Elderly and disabled people who missed the deadline to enroll for the new Medicare drug benefit would not pay a penalty if they signed up later this year under legislation that Senate sponsors predicted would gain swift approval.

The deadline for signing up for Medicare drug coverage this year ended at midnight Monday.

Now that the deadline has passed, more Republican lawmakers are willing to go public with their opposition to penalizing those who decided to wait.

Click here for more information about the Medicare drug benefit.

Sen. Charles Grassley, R-Iowa, chairman of the Senate Finance Committee, said that waiving the penalty would encourage more Medicare beneficiaries to enroll in the program. He said that he would try to get the Senate to take up the measure within days.

However, the Bush administration responded to the bill by calling for patience from lawmakers until final enrollment numbers are determined.

"We don't have complete information yet," said Mike Leavitt, secretary of Health and Human Services.

That did not stop Leavitt from declaring enrollment efforts a success. He predicted the final days of the sign-up period would mean that about 38 million beneficiaries out of nearly 43 million would have some prescription drug coverage this year, either through Medicare, their employer or through another government program.

"This was a remarkable American moment, a de Tocqueville moment," Leavitt said.

Mark McClellan, administrator for the Centers for Medicare and Medicaid Services, said about 872,000 enrollments were processed in the final week of the sign-up period, and those numbers did not include the surge in the final 72 hours. He said that 143,000 people tried to enroll through the Internet on Monday alone.

Operators took calls from more than 640,000 people that day, he said. Those callers experienced an average wait time of about 12 minutes and 30 seconds before they could get through.

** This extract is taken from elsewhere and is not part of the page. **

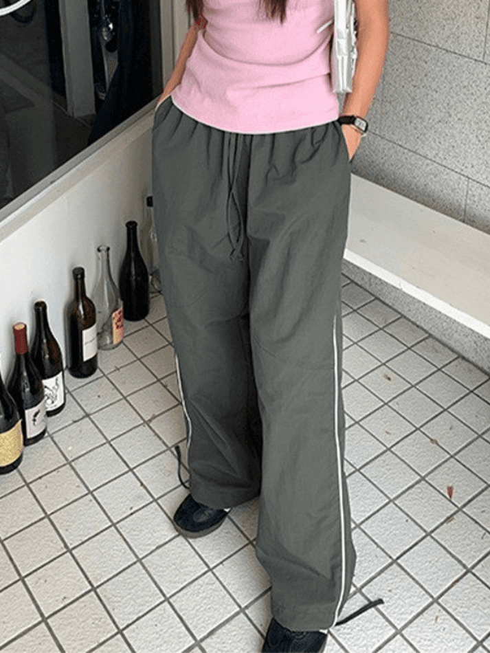 Description: Step up your fashion game with these retro sporty pants. They feature contrast piping details along the sides and a super relaxed silhouette. The loose fit and stretch waist make them comfortable for any casual occasion. With functional pockets and adjustable tie cuffs. these pants combine style and functionality effortlessly. Get ready to rock that retro vibe!

Among those who declined to enroll are an estimated 3 million who would qualify for extra help because of their income. The administration has already exempted them from the enrollment deadline as well as the late-enrollment penalty. That would leave at least 1.5 million people who would be subject to the penalty.

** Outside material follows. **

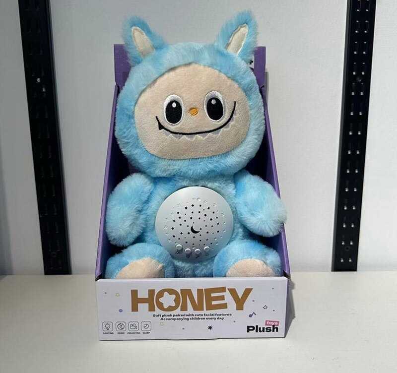 Цей милий герой стане надійним супутником малюка вдень і особливо перед сном! Його м’яке плюшеве тіло приємно обіймати, а ніжне підсвічування та проєкція створюють чарівну атмосферу для розслаблення. Герой вміє відтворювати заспокійливі мелодії, які допоможуть дитині швидше заснути та відчути себе в безпеці. Завдяки регулюванню гучності можна легко обрати найкомфортніший звук для вечірнього ритуалу. Така іграшка подарує малюкові тепло, затишок і казкові сни.

Sen. Max Baucus, D-Mont., said senior citizens had so many choices when it came to private plans offering drug coverage that some were reluctant to make a choice that could have been a bad one.

"Whatever the reason, I believe it's time to cut seniors a little slack," Baucus said.

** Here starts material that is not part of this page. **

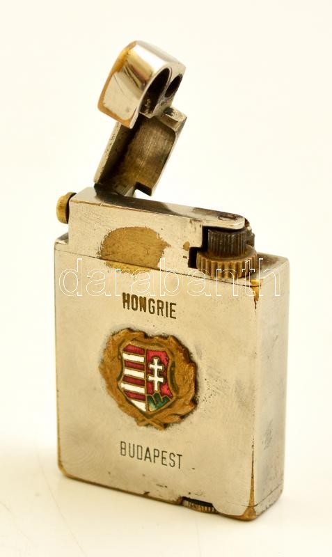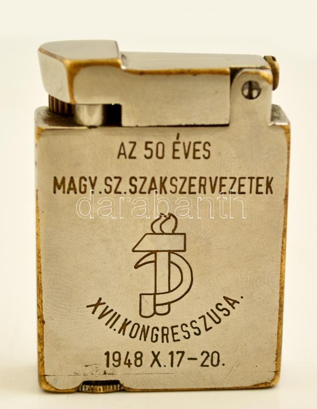 Beschreibung: 1948 Magyar Szakszervezetek XVII. Kongersszusa feliratos, Kossuth-címerrel díszített Gamma öngyújtó, fém, jelzett, m: 5 cm

Now that the first open enrollment period for the drug benefit has expired, beneficiaries -- with the exception of low-income people eligible for extra help -- cannot enroll in a plan until Nov. 15. Once their coverage began next Jan. 1, they would have to pay higher monthly premiums as a penalty for not enrolling earlier. The penalty equals 1 percent of the national average premium for each month of delay, or an additional fee of about $2.50 per month.

"I'll take anything I can get, and eliminating a 7 percent penalty on senior citizens' premium payments, that is not just for one year but that is forever, is clearly in the interest of our senior citizens," said Sen. Bill Nelson, D-Fla.

The senators who called for doing away with the late enrollment penalty said it would reduce payments to the government by about $1.7 billion over five years. They would make up for that loss by reducing the amount of money placed in a fund that encourages insurers' to participate in managed care for seniors. Some lawmakers argue that payments to the insurers are already more than adequate, and they would not be harmed through a reduction in the fund.

McClellan, however, voiced reluctance to that proposal. He said insurers participating in Medicare Advantage next year would see a smaller increase in their reimbursement rates, and "it doesn't seem like a good time to tighten down further."

The bill in the Senate would provide an additional $18 million for the Senior Health Insurance Assistance Program and Area Agencies on Aging. Lawmakers say both programs will play a crucial role in recruiting more low-income seniors to the drug benefit.